Across the Global South, islands form an interconnected and ever-changing relation
of peoples and cultures. To revisit the main theme of the Island Tides Program, we take from Glissant’s archipelagic thinking
and explore how art and culture move, mix, and evolve across islands in the Asia-Pacific.
Patrick Flores, Professor
of Art Studies at the University of the Philippines & Chief Curator of the National Gallery Singapore, and Jun Yang, visual
artist & board member of the Wiener Secession, will share insights from their practices and experiences within this transgressive
archipelagic space we call Asia.
PATRICK FLORES is Chief Curator of National Gallery Singapore.
He is concurrently Professor of Art Studies at the University of the Philippines and Director of the Philippine Contemporary
Art Network.
He has written significantly on Southeast Asian art, specifically its colonial and modernist formations,
and has curated contemporary exhibitions on and through Southeast Asia. He was a Visiting Fellow at the National Gallery of
Art in Washington, D.C. in 1999 and a Guest Scholar of the Getty Research Institute in Los Angeles in 2014.
Among
his publications are Painting History: Revisions in Philippine Colonial Art (1999); Past Peripheral: Curation in Southeast
Asia (2008); Raymundo Albano: Texts (2017); and The Modern in Southeast Asian Art: A Reader (2023), which he co-edited with
T. K. Sabapathy.

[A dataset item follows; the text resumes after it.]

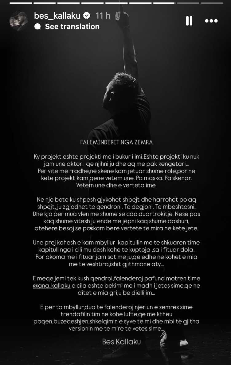 Besi e nis reagimin e tij duke e cilësuar këtë si projektin e tij më të bukur, ku nuk ka aktruar. “Në këtë projekt kam qenë vetëm unë. Pa maska. Pa skenar. Vetëm unë dhe e vërteta ime,” shkruan ai, duke falënderuar publikun për mbështetjen.

He was a Curator (Position Papers) at the Gwangju Biennale in 2008, the Artistic Director of Singapore Biennale
in 2019 and Curator of the Philippine Pavilion in 2015 and the Taiwan exhibition in 2022 at the Venice Biennale.
JUN YANG is an artist based in Vienna, Taipei and Yokohama. His works encompass various mediums –
including, film, installation, performance and projects in the public spaces while addressing institutions, societies and
audiences. Having grown up and lived in various different cultural contexts, in his artistic work Jun Yang examines the influence
of clichés and media images on identity politics.

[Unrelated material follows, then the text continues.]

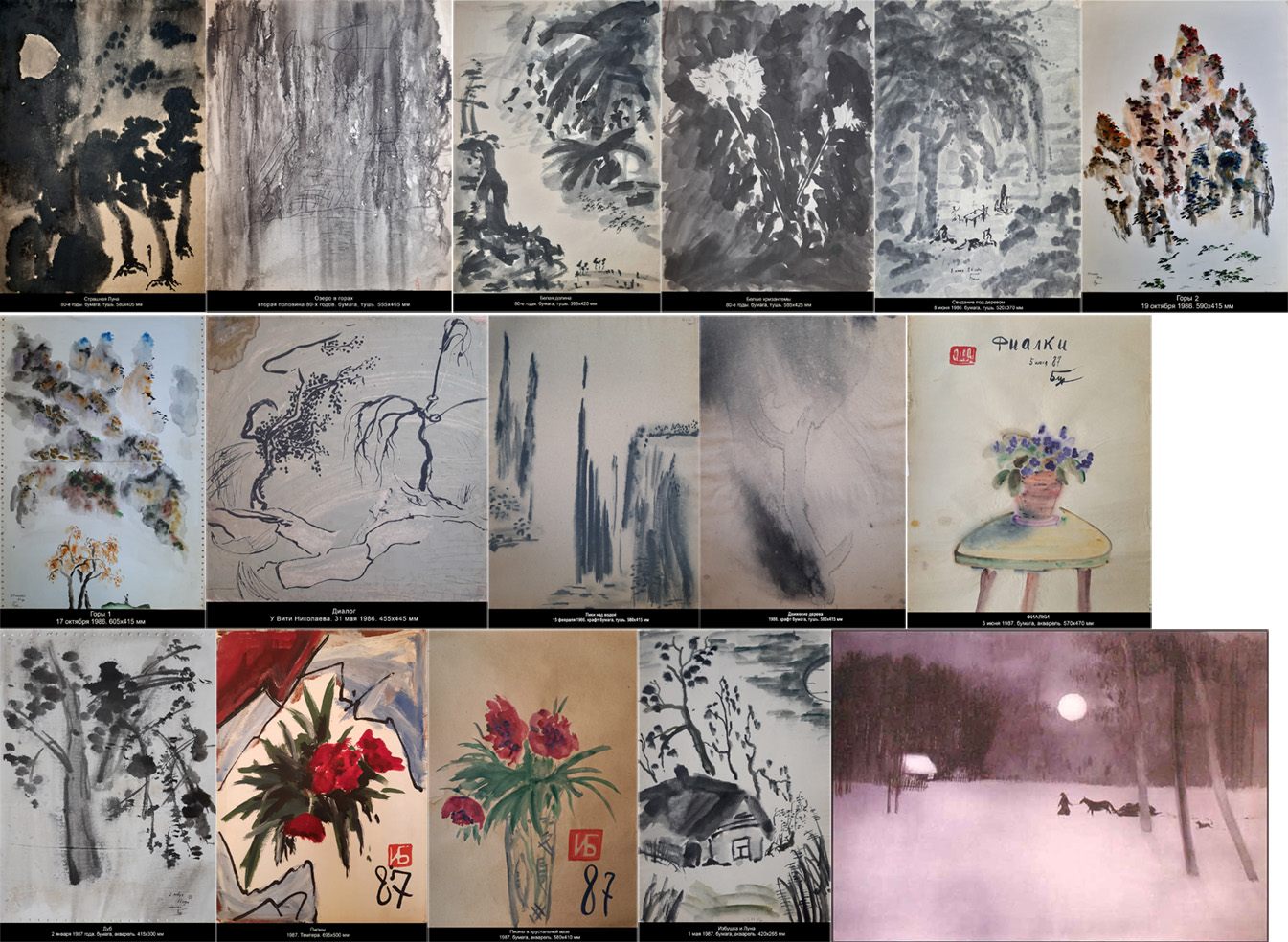 Эти точки разной величины вместо листьев у дерева слева я взял с китайских картин. Эти кружочки вверху ствола ивы справа, из которых растут ветви, я взял с китайских картин. Земли нет, только будто два острова, на которых два дерева плывут в море. В водовороте, времевороте. Эта картина нарисована дома у Вити Николаева в Лианозове, когда сидишь на полу, малюешь гуашью или темперой, и нужно рисовать спонтанные абстракции. Но китайские спонтанные абстракции всегда оказываются деревьями, травами, камнями и каллиграфическим текстом. Геометрический абстракционизм китайцам чужд, у них и деревья должны изгибаться-извиваться подобно драконам, и камни чем причудливее, чуднее, кривее, тем лучше. А на этой картине тушь — что-то вроде текста, текста того диалога, который и дал картине название. А вся живопись — в фоне, гуашевом или темперном. Если бы тушь была на белой бумаге или шёлке или холсте, неважно, на чём, главное что белом, картины бы не было. Ну, и, конечно, цвет фона. Это цвет сумрака, а сумрак — другое название хаоса, а хаос — другое название перехода от небытия к бытию. Или обратно, если время считать кругом, снимающим проблему обратимости времени. Теория струн появилась в 60-х, но серьёзно за неё взялись в 84-86-м, т.е. тогда же, когда появилась эта картина, на которой можно рассмотреть струны.

Previous exhibitions include the Biennial of Sydney 2018, the
Gwangju Biennale 2018 and 2012; the Taipei Biennial 2008, the Liverpool Biennial 2006, the 51st Biennale di Venezia 2005,
and the Manifesta 4 in 2002. He is the recipient of the 25th Otto Mauer Art Award in 2005 and the Award for Fine Arts of the
City of Vienna in 2017.
Jun Yang concluded working on a series of solo-exhibitions/retrospectives that started
at the Art Sonje Center, Seoul (2018) continued at Kunsthaus Graz (2019) and was shown in Taipei at Kuandu Museum 2020, TKG+
Projects 2020/2021 and MoCA Taipei 2021 (as one exhibition at three venues in one city). Yang decided thereafter to take ‘off’

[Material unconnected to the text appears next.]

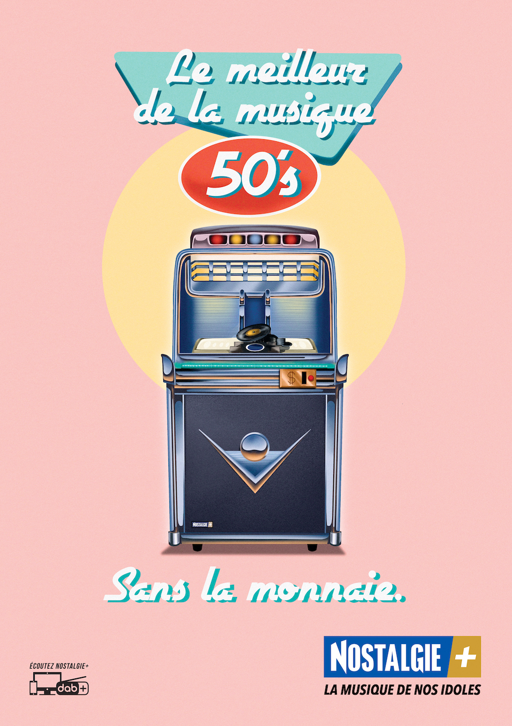 "Pour fêter les 2 ans de Nostalgie+, nous souhaitions créer une campagne dans un univers propre à nous, inspiré des codes et du graphisme des années 70, 60 et 50, tout en se différenciant des autres radios. Notre agence Silver and Copper a parfaitement saisi ce que nous recherchions, avec comme résultat un joli clin d’œil à nos manières d’écouter la musique au cours de ces dernières décennies" a expliqué Laure Di Francesco, directrice de la communication à NGroup. L'enjeu de la campagne ? Augmenter la notoriété de la marque tout en modernisant ce format musical unique. Voilà pourquoi, Silver & Copper et Nostalgie+ ont fait le choix de travailler avec l'artiste bruxellois Milan, issu du Street Art et du streetwear, pour réaliser les 3 illustrations de la campagne... une belle manière de moderniser le prise de parole de la marque.

from making exhibitions. With his interest in institutions Yang joined the board of the Vienna Secession in 2021.
MIYA YOSHIDA is a professor of artistic research and head of the Zentrum Fokus Forschung. Yoshida previously
taught aesthetics, media and cultural theories and art history and studied media and governance at Keio University, SFC, in
Japan and completed an MA in art history at Goldsmiths College, University of London in the UK. After completing her master's
degree, she continued her doctoral studies and received her PhD from Malmö Art Academy, Lund University and worked as a postdoctoral
researcher at Leuphana University Lüneburg, Germany. She is a member of the International Association of Art Critics (AICA),
lectures at international conferences and publishes critical texts on contemporary art and aesthetics. Her recent writings
and publications can be found in Reformulating the architectures in exhibitions (Exhibition Amnesia, Curatography Issue.10,
Taipei National University of the Arts, 2023), Listening to the Stones (Kunsthaus Dresden, 2023), Towards (Im)Measurability
of Art and Life (Archive Books, Berlin 2018), Sharing as Caring No. 1-5 (Heidelberger Kunstverein, 2017), among others. She
is currently one of the co-curators for the Asian Triennial Manchester 6.